Gatto claims the initiative will connect people to financial and housing assistance, but this is only window dressing – the measure provides no funding for housing or homeless services. The only financial assistance it refers to is General Relief, an existing program that already provides far less aid than necessary to obtain housing and meet basic needs. In Los Angeles County, for example, the maximum General Relief payment is $221.00 per month.

Such superficial gestures should not distract from what the initiative really is: a destructive non-solution that will trample the rights of people with mental health disabilities. It is an example of the “out of sight, out of mind” approach to homelessness at its worst.
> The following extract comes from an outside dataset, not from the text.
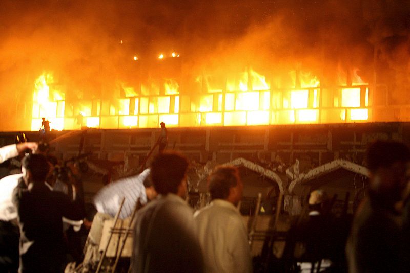 20.09.2008El atentado contra el Marriott ha provocado un espectacular incendio en el hotel de 290 habitaciones. (Islamabad, 20/09/08).EFE/ OLIVIER MATTHYS

Moreover, this approach also perpetuates wider systemic inequities, both historic and current. In a country and state that continues to struggle with racialized policing practices, it makes no sense to impose mandatory arrests and maximum sentences on an already marginalized population that is disproportionately Black.

Criminalizing homelessness does nothing to solve a long-term crisis resulting from entrenched inequities in housing access, economic opportunity, the criminal justice system, and medical and mental health services. But it does allow cities to push the visual evidence of the issue temporarily out of sight. Cities too often assert that some people experiencing homelessness will eventually move to other cities when faced with the constant threat of arrest, which allows them to treat homelessness as someone else’s problem.

Harmful policies like San Clemente’s now-repealed ordinance and Gatto’s proposed ballot measure move the state backwards when we should be investing in real solutions, like increased funding for deeply affordable housing and significant increases in General Relief grants. Western Center will continue to advocate for sustainable state and local policies that actually work, and we will fight those seeking to expand the criminalization of homelessness in court.